Но сомнение его было неискренним. В последнее время он уже кое-что прослышал об освобождении из тюрем, и теперь, подумав об Аниське обычное «легкий на вспомине», – подхватил костыль, во всю прыть захромал со двора…
Аниська сидел за столом, странно непохожий на прежнего красивого парня, постаревший, сутулый, с горящим угрюмым взглядом.
Федора и вытянувшаяся, как лоза, остроплечая Варюшка разглядывали дорогого гостя счастливыми заплаканными глазами. Бормоча что-то несуразное, путая ногами, Панфил бросился к товарищу. Рыбаки сдавили друг друга, как два борющихся медведя.
– Егорыч! Атаман! – взволнованно выкрикивал Панфил. – Ах, бедолага! Ты ли это, а?
– Как видишь, кажись, я, – улыбнулся Аниська. – Ты как, дядя Панфил? Шкандыбаешь еще?
– Еще подпрыгиваю. А ты… ты бороду-то отпустил, как старовер! А я, понимаешь, сижу сейчас и размышляю: с кем завтра на рыбальство ехать, и о тебе вспомнил, когда вдруг сынишка прибегает и…
Ковыляя хромой ногой, Панфил суетливо махал руками, остановившись перед Аниськой, долго изучал его внимательным взглядом, словно все еще не веря, что видит его живым.
– Право слово… Кажись, недавно с тобой у Королька гуляли, а вот уже и на каторге пришлось побывать.
Нескладный, как всегда после долгой разлуки, вязался разговор.
– Что думаешь делать, Анисим Егорыч? – сидя за столом рядом с Аниськой, спрашивал Панфил.
– Подумаю, – односложно ответил Аниська.
– Ватажку не думаешь собирать?
– И ватажку соберем, ежели понадобится. Только у ватажки другие дела будут.
Схлебнув с блюдечка чай, Аниська, как бы решив что-то про себя, добавил:
– В общем, обдумаем, с чего начинать, и примемся за новые дела.
Суетившаяся у стола Федора набросилась на Панфила:
– И чего ты пристал к человеку, нетерпячий? Тебе бы зараз прямо в куты ехать. Вот разбойник истый… Дай хоть оглядеться парню с дороги.
Глаза Федоры с радостью остановились на сыне, стан ее выпрямился, голос помолодел.

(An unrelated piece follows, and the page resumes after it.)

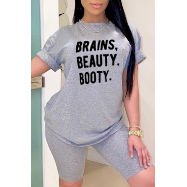 Lovely Casual Letter Print Grey Two-piece Shorts Set

– Варюшка, беги в погреб – закваску неси! Капусты солевой! – звонко крикнула она.
Варюшка, румяная от возбуждения, выбежала из хаты во двор, развевая подолом. Борода брата, напугавшая ее вначале, теперь смешила ее. Варюшка то и дело сжимала свои по-детски узкие плечи, сутулясь, фыркала в рукав.
Весть о приходе Аниськи уже разнеслась по хутору. Во двор стекались любопытные. К стеклам окон прилипали изумленные лица.
Под окном звучало мрачное, пугающее слово «каторжник». Плелись досужие разговоры:
– Это они со Шкоркой да Малаховым казаков в проруби потопили. Слыхали?
Аниська вышел во двор. Детвора, облепившая окна, рассыпалась по улице. У окон остались только взрослые – мужики и бабы.
– Ну, чего вы, граждане, поналегли на окна? – стал журить их Аниська. – Что вам тут за диковина? Рогов у меня нету. Рога в тюрьме не вырастают. А ежели кто знакомство хочет со мной, – пожалуйте в хату.
Настороженное молчание было ответом на эти слова. Люди пугливо пятились от Аниськи.
Аниська закрыл ставни, вернулся в хату, озадаченный и огорченный недоверчивым отношением к себе.
В тот же вечер к нему пришли Илья Спиридонов, Иван Землянухин и недавно вернувшийся из госпиталя Максим Чеборцов.
Прослышав о возвращении своего любимого заводчика, забрел на огонек и Сазон Павлович Голубов. Черный и угловатый, точно сколоченный весь из острых кривых костей, он совал Аниське длинные мослаковатые кулаки, говорил, как когда-то Егору:
– Анисим Егорыч! Руки мои еще существуют. Гляди, матери его бис, добрячие еще руки. Рыбалить будем чи нет, кажи?.
Но, судя по всему, Сазон Павлович уже не обладал прежней силой; ноги его свело ревматизмом, глаза слезились и руки были, повидимому, не те, что раньше: они тряслись и наверняка не могли разбить камня, как в былые времена.
Аниська с грустью смотрел на товарищей. Ему не верилось, что люди эти были когда-то его сподвижниками в лихих крутийских делах. Как они постарели, осунулись, одряхлели! В их движениях не чувствовалось прежней живости, глаза смотрели устало, безнадежно.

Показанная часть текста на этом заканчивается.